Summer Shorts 2011: No shortage of comedy, drama, and the provocative
Jai Rodriguez, formerly of the Emmy Award-winning Bravo reality show Queer Eye for the Straight Guy, has been working at breakneck speed, perfecting his lines, sharpening his choreography, and hitting the right notes, all for the sake of putting on what promises to be the summer's show-of-shows when he headlines City Theatre's 16th annual Summer Shorts.
For last year's festivities, City Theatre premiered Camp Kappawanna, a family rock musical penned by Grammy-nominated singer/songwriter Lisa Loeb (the show is back for a return engagement this year). This year's offerings, however, are not so kiddie-friendly. The 16th anniversary of Summer Shorts calls for something spicier, hipper, and more provocative — all meshed into a series of seven short plays performed back-to-back at the Arsht Center's Carnival Studio Theater beginning this Thursday. And it looks like City Theatre found its man in Jai Rodriguez.
"It's really rare you get to show many different colors of yourself in one evening," he says between rehearsals that have him playing an eclectic mix of characters — some serious, others outrageous. Rodriguez, who many viewers will remember as "the Culture Guy" on Queer Eye, has an impressive theater resumé that includes stints on Broadway in Rent and The Producers. In Summer Shorts, he flexes his stage-performer muscles as an actor, singer, and dancer.
Among the diverse and assorted short plays Rodriguez will star in are Chronicle Simpkins Will Cut Your Ass, a play about a gang war set on a playground; Aboard the Guy V. Molinari, a tale of two ship passengers thrown overboard who unexpectedly find their port in a storm; and Mickey Herman Saves the *%#@^* Universe, a manga-like comedy about a broken-hearted gamer who wagers the fate of the planet against alien invaders.

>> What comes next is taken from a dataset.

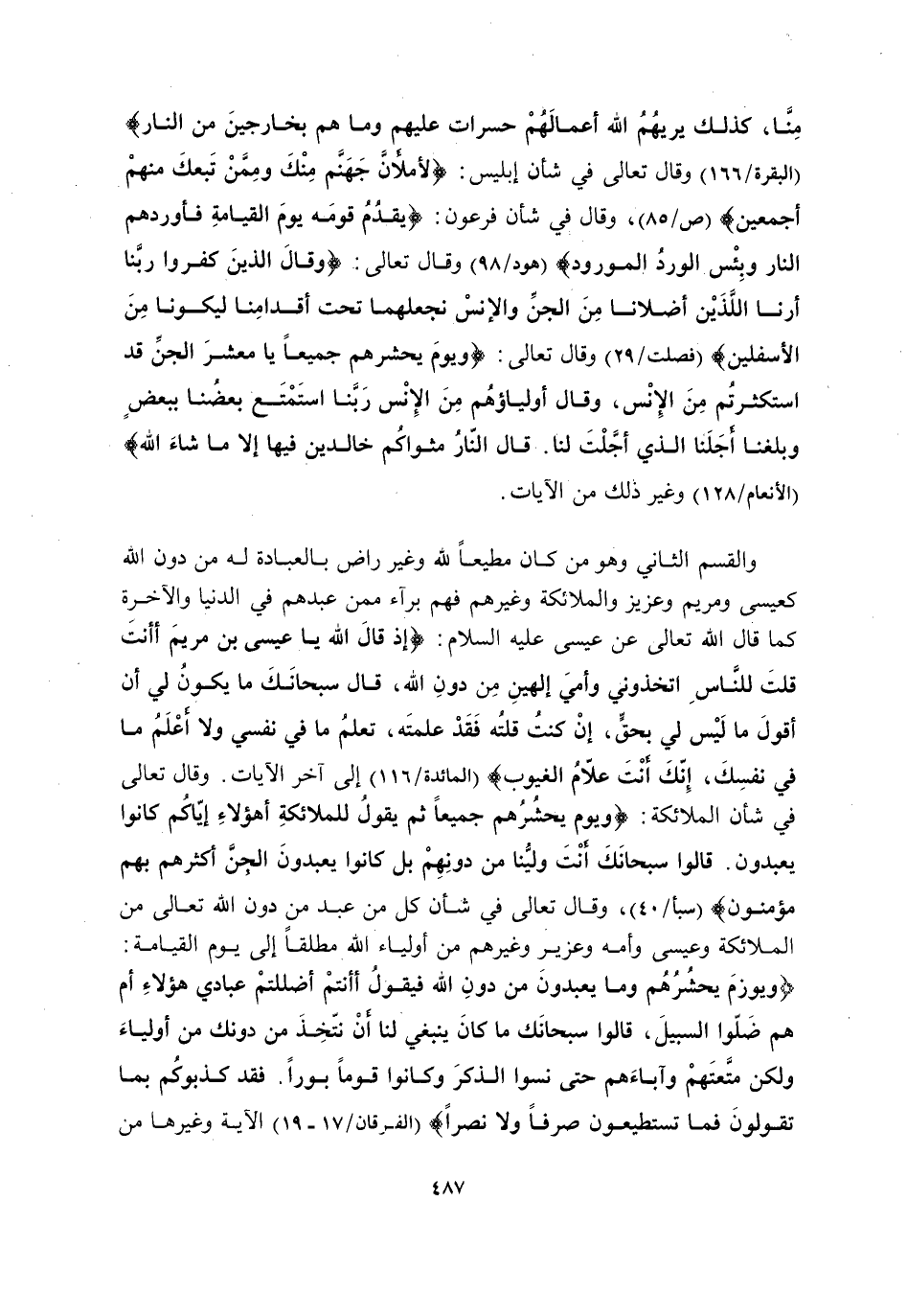 وَالْقَسَمُ الثَّانِي وَهُوَ مَنْ كَانَ مُطِيعًا لِلَّهِ وَغَيْرَ رَاضٍ بِالْعِبَادَةِ لَهُ مِنْ دُونِ اللَّهِ كَعِيسَى وَمَرْيَمَ وَعُزَيْرٍ وَالْمَلَائِكَةِ وَغَيْرِهِمْ, فَهُمْ بُرَآءُ مِمَّنْ عَبَدَهُمْ فِي الدُّنْيَا وَالْآخِرَةِ كَمَا قَالَ اللَّهُ تَعَالَى عَنْ عِيسَى عَلَيْهِ السَّلَامُ: {وَإِذْ قَالَ اللَّهُ يَا عِيسَى ابْنَ مَرْيَمَ أَأَنْتَ قُلْتَ لِلنَّاسِ اتَّخِذُونِي وَأُمِّيَ إِلَهَيْنِ مِنْ دُونِ اللَّهِ قَالَ سُبْحَانَكَ مَا يَكُونُ لِي أَنْ أَقُولَ مَا لَيْسَ لِي بِحَقٍّ إِنْ كُنْتُ قُلْتُهُ فَقَدْ عَلِمْتَهُ تَعْلَمُ مَا فِي نَفْسِي وَلَا أَعْلَمُ مَا فِي نَفْسِكَ إِنَّكَ أَنْتَ عَلَّامُ الْغُيُوبِ} [الْمَائِدَةِ: 116] إِلَى آخِرِ الْآيَاتِ, وَقَالَ تَعَالَى فِي شَأْنِ الْمَلَائِكَةِ: {وَيَوْمَ يَحْشُرُهُمْ جَمِيعًا ثُمَّ يَقُولُ لِلْمَلَائِكَةِ أَهَؤُلَاءِ إِيَّاكُمْ كَانُوا يَعْبُدُونَ، قَالُوا سُبْحَانَكَ أَنْتَ وَلِيُّنَا مِنْ دُونِهِمْ بَلْ كَانُوا يَعْبُدُونَ الْجِنَّ أَكْثَرُهُمْ بِهِمْ مُؤْمِنُونَ} [سَبَأٍ: 40] ، وَقَالَ تَعَالَى فِي شَأْنِ كُلِّ مَنْ عُبِدَ مِنْ دُونِ اللَّهِ تَعَالَى مِنَ الْمَلَائِكَةِ وَعِيسَى وَأُمِّهِ وَعُزَيْرٍ وَغَيْرِهِمْ مِنْ أَوْلِيَاءِ اللَّهِ مُطْلَقًا إِلَى يَوْمِ الْقِيَامَةِ: {وَيَوْمَ يَحْشُرُهُمْ وَمَا يَعْبُدُونَ مِنْ دُونِ اللَّهِ فَيَقُولُ أَأَنْتُمْ أَضْلَلْتُمْ عِبَادِي هَؤُلَاءِ أَمْ هُمْ ضَلُّوا السَّبِيلَ، قَالُوا سُبْحَانَكَ مَا كَانَ يَنْبَغِي لَنَا أَنْ نَتَّخِذَ مِنْ دُونِكَ مِنْ أَوْلِيَاءَ وَلَكِنْ مَتَّعْتَهُمْ وَآبَاءَهُمْ حَتَّى نَسُوا الذِّكْرَ وَكَانُوا قَوْمًا بُورًا، فَقَدْ كَذَّبُوكُمْ بِمَا تَقُولُونَ فَمَا تَسْتَطِيعُونَ صَرْفًا وَلَا نَصْرًا} [الْفَرْقَانِ: 17-19] ، الْآيَةَ وَغَيْرَهَا مِنَ

Not all of the plays are comedic and lighthearted fare, though. One of the more serious is the Southeastern premiere of Israel Horovitz's thought-provoking play What Strong Fences Make. Horovitz wrote this emotionally charged drama, about two friends who clash at an Israeli checkpoint, as a response piece to dramatist Caryl Churchill's controversial play Seven Jewish Children, which Horovitz found an offensive, distorted, and manipulative take on the ongoing conflict in the Middle East.
"There are funny plays, and there are plays that are going to make people cry," Rodriguez says, "so there really is something for everyone."
Among the other premieres at this year's Summer Shorts are Dos Corazones, about two dissimilar new mothers who discover they have more in common than they think, and Quiet Please, in which two patients awaiting therapy find the courage to say hello.
The main attraction will be Rodriguez's Dirty Little Secrets. Billed as an irreverent comical musical revue filled with dish, dirty little secrets, and stimulating moments, Secrets looks to be an out-of-the box, modern-day vaudeville-style performance for adults. "Kinda like Glee," Rodriguez says, "if Glee were rated R."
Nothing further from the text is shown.